И перекрестился истово двуперстным знамением.
— А слыхал ли ты, друже, как Христос на Лобном месте, на кресте за жидов молился?
— Читал, отче… Господь грамоте сподобил меня, сам про это читал.
— А читал ли, что перед тем от них он терпел?.. И заушения, и заплевание, и по ланитам биения… А не было за ним греха ни единаго… И все-таки за мучителей молился… А нам-то что повелел он творити? Самую-то первую заповедь какую он дал?.. Помнишь ли?.. Любить врагов повелел… Читал ли о том?
— Читывал, отче.
— А читал ли, что всякая кровь взыщется?
— Читывал… Да их ведь не грех. Они ведь еретики.
— Они люди, Гришенька. Всяк человек кровью Христовой искуплен. Кто проливает кровь человека — Христову кровь проливает.

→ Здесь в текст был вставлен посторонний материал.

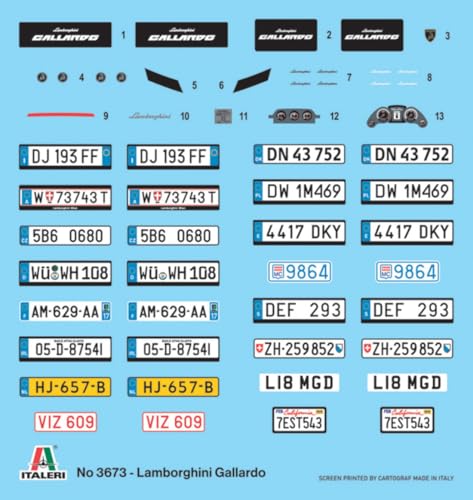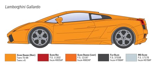 Plastic model to assemble. Colour assembly instructions (English language not guaranteed). Paint and liquid glue for plastic model making not included. For references on suggested colours please check profile pictures or visit Italeri. Mounted model length 7 inches. The Lamborghini Gallardo was one of the most iconic and most commercially successful cars produced by the automaker of Sant’Agata Bolognese. Introduced on the market in 2003, it is certainly a reference point of the design and style of sports cars of the period made by Italdesign di Giorgetto Giugiaro. Equipped with a 5.0-litre V10 engine capable of delivering over 500 hp, subsequently enhanced with an increase in displacement to 520 hp, the Lamborghini Gallardo guaranteed performance at the top of the segment. Top performance for top speed, over 300 km/h, acceleration and road hold. It was produced in over 14,000 copies, a significant number for the type of car, and was declined in numerous versions and customizations. For collectors over the age of 14

Таковый с богоубийцами жидами равную часть приемлет.
Быстро подскочил Гриша ко старцу… Смирения как не бывало. Глаза горят, кулаки стиснуты.
— Да ты какого согласу сам-от будешь? — спросил он Досифея нахальным тоном.
— Христианин.
— Хвостом-то не виляй, не отлынивай! Не напоганил ли ты у меня своим еретицким духом келейку?.. Не по никоновой ли тропе идешь?
— Держуся книг филаретовских и иосифовских…
— А говоришь, что никонианин такой же человек, как и мы, старым крещеньем крещенные? По-твоему, пожалуй, и в пище и в питии общение с ними можно иметь?
— Можно, Гришенька… Мало того что можно, — должно.
— Да ты в своем ли уме?
— Должно. Знай, что споры о вере — грехи перед господом. Все мы братья, все единаго Христа исповедуем. Не помнишь разве, что господь, по земле ходивши, и с мытарями ел и с язычниками — никто не гнушался? Как же мы-то дерзнем?.. Святее, что ли, мы его?..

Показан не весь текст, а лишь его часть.